Outras variáveis sociodemográficas, como escolaridade, renda, ocupação e religião, são acompanhadas pelo instituto com base em seu histórico de pesquisas. A amostra deve refletir o total do eleitorado brasileiro.
A cada nova rodada, o Datafolha faz um sorteio de cidades e pontos de abordagem. O objetivo é evitar que partidos atuem nos locais de pesquisa e impedir que os mesmos moradores sejam entrevistados mais de uma vez, o que viciaria a amostra.
O entrevistador não pode saber previamente quem será abordado, e nenhuma pessoa pode se oferecer para responder ao questionário.
Por que na rua, e não por telefone
O Datafolha optou pela abordagem presencial em pontos de fluxo. Segundo o instituto, pesquisas telefônicas representativas do total do eleitorado são inviáveis no Brasil porque parcela significativa dos brasileiros não possui linha fixa em casa.
"Apesar de praticamente todo mundo ter telefone celular, as pessoas não atendem as ligações e nem todos têm a mesma disponibilidade para atender ligações ao longo do dia", afirma a diretora-geral da instituição, Luciana Chong.
A abordagem nas ruas também evita a dificuldade de acesso a residências em condomínios, edifícios e favelas.
Controle de qualidade
O Datafolha verifica uma amostra de 20% do material de cada pesquisador.
"Para essa checagem, utilizamos a inteligência artificial, que faz a comparação das respostas dos entrevistados em áudio com as respostas anotadas pelo pesquisador", diz Chong.
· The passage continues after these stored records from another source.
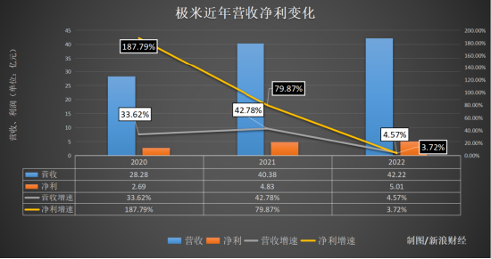 新浪科技梳理极米历年财报发现,极米营收和利润在2020年和2021年保持着高速增长,但2022年进入微增长状态。2022年,极米实现营业收入42.22亿元,同比增长4.57%;归属于上市公司股东的净利润5.01亿元,同比增长3.72%。
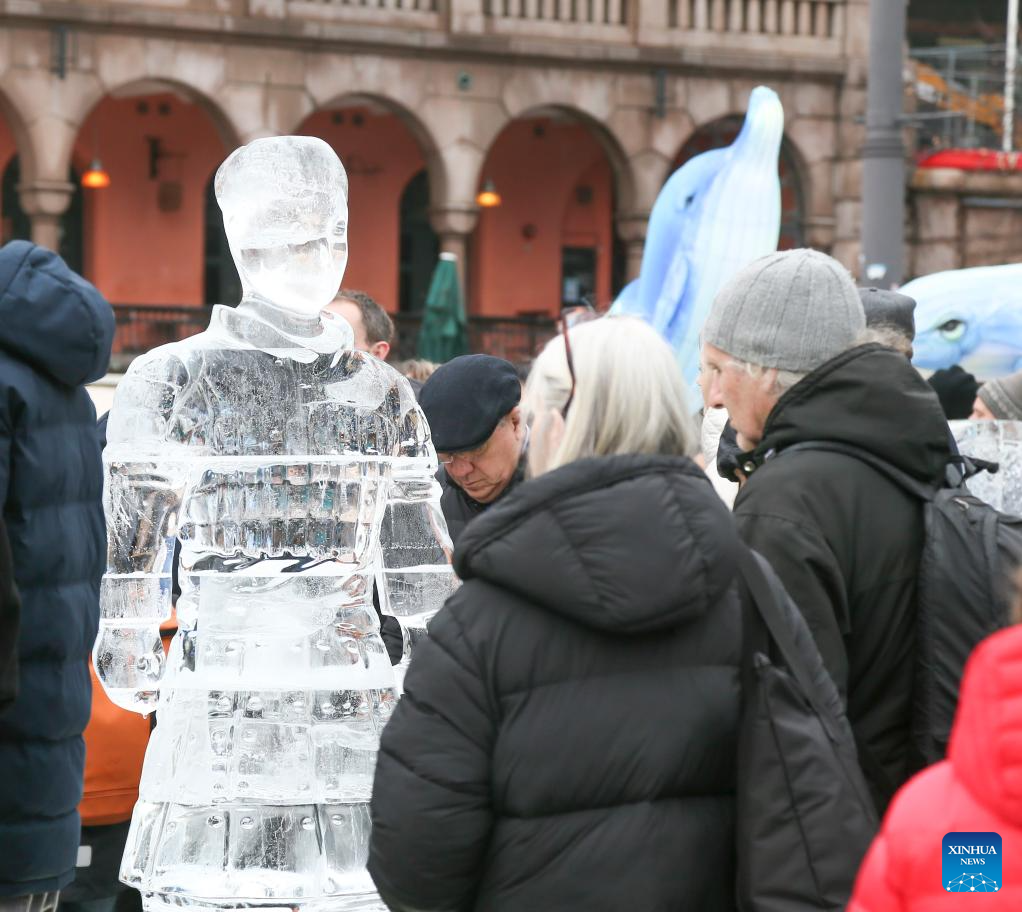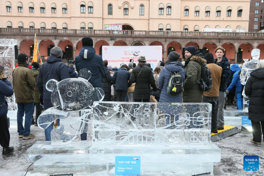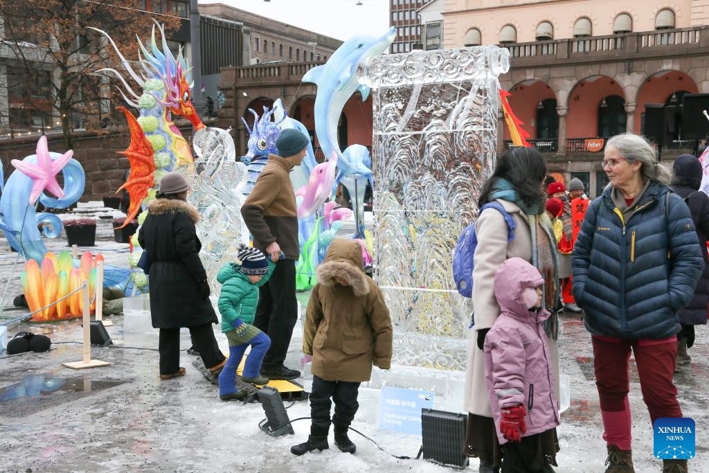 Visitors watch ice sculptures and lanterns in Oslo, capital of Norway, Jan. 28, 2024. An exhibition featuring Chinese ice sculptures and lanterns opened in Oslo on Sunday, drawing crowds of visitors with Chinese culture set against Norwegian landscapes.
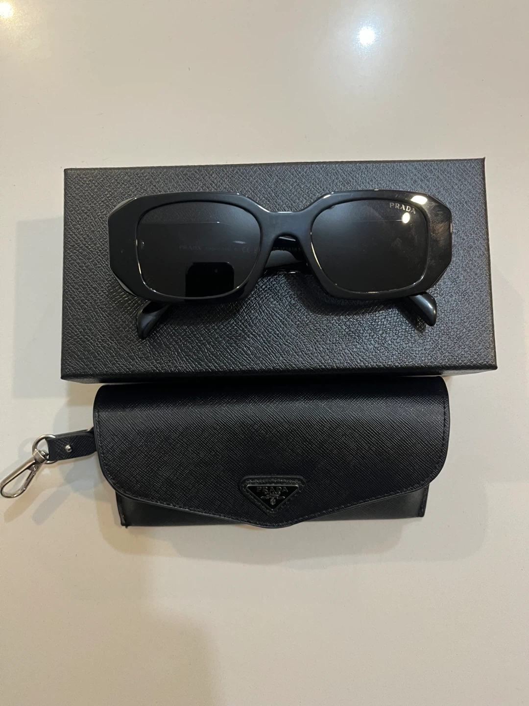 Selling a pair of Prada sunglasses in black. They come with their original box and a protective case. These sunglasses are in great condition and ready for a new owner!
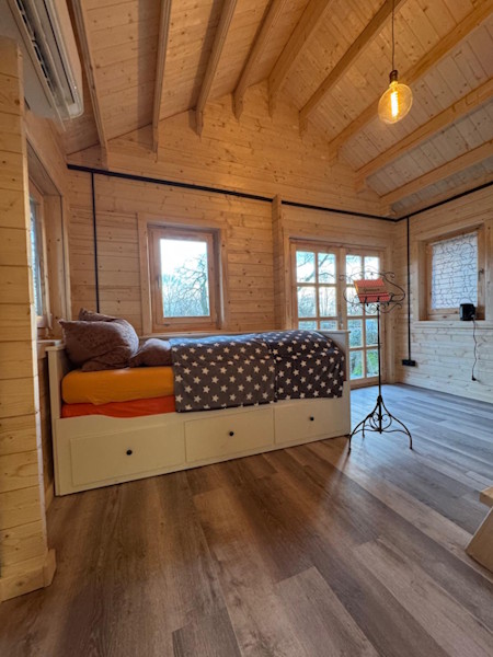 Die Apartments Lakeview und Goosebarn am kleinen Teich mit Terasse für 4 Personen.
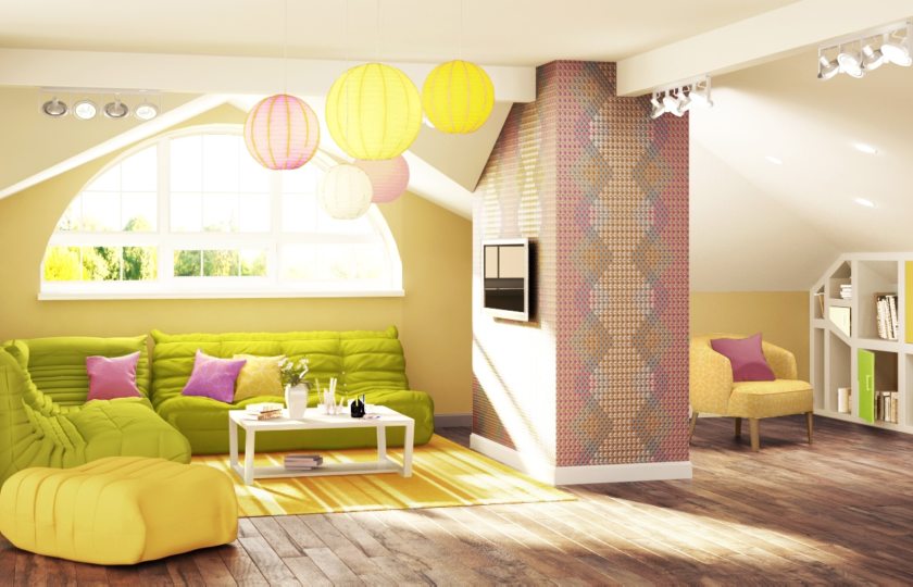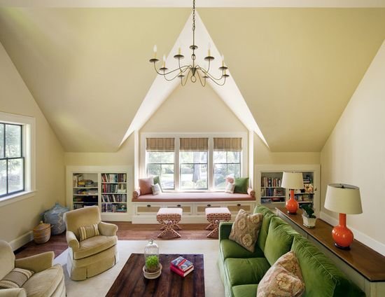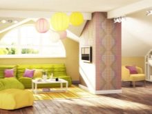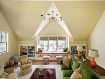 Farbenfrohe Möbel werden den Innenraum beleben, Glas- und Spiegelflächen, Metallbeschläge und originelle Beleuchtung tragen mit Leichtigkeit zum Wohnzimmer bei. Um das Wohnzimmer war gut beleuchtet, können Sie das Fenster auf den Dachschrägen nutzen. Ein Kamin oder seine Nachahmung wird den Raum noch komfortabler machen.

Quando é identificado algum problema, a equipe de qualidade checa o total das entrevistas realizadas pelo pesquisador e, se necessário, esse material é refeito. Além disso, há um monitoramento considerando o histórico eleitoral da cidade e os resultados obtidos na amostra. Todas as entrevistas são gravadas.
O que é a margem de erro
Toda pesquisa por amostragem tem uma margem de erro --a diferença tolerada entre o valor medido e o valor real que se quer aferir. Os levantamentos nacionais do Datafolha têm, em geral, margem de erro máxima de dois pontos percentuais para mais ou para menos, com nível de confiança de 95%.
Isso significa, de forma simplificada, que, se 100 amostras fossem retiradas simultaneamente da mesma população, 95 delas teriam resultados dentro desse intervalo.
Empate técnico e oscilação
O empate técnico ocorre quando a diferença entre dois candidatos está dentro das margens de erro --ou seja, quando os intervalos de confiança se sobrepõem. Pelo mesmo princípio, se as intenções de voto de um candidato variaram dentro da margem de um levantamento para outro, diz-se que ele oscilou, não que cresceu ou caiu.
Ordem das perguntas
A disposição das questões no questionário pode influenciar as respostas. Por isso, o Datafolha não faz perguntas que mencionem nomes de candidatos, partidos ou avaliações de governo antes das perguntas sobre intenção de voto.
Registro e divulgação
Os institutos precisam registrar seus levantamentos na Justiça Eleitoral até cinco dias antes da divulgação. O registro informa quem contratou a pesquisa, o valor pago, a metodologia, o período de realização e os estatísticos responsáveis. O TSE não tem acesso prévio aos resultados.
O Datafolha só registra suas pesquisas antes de realizá-las. O instituto se opõe ao registro posterior à coleta, prática que abre espaço para uso estratégico dos levantamentos como instrumento de marketing político.
O Datafolha publica em seu site as bases estatísticas completas e as segmentações detalhadas após a divulgação dos resultados gerais.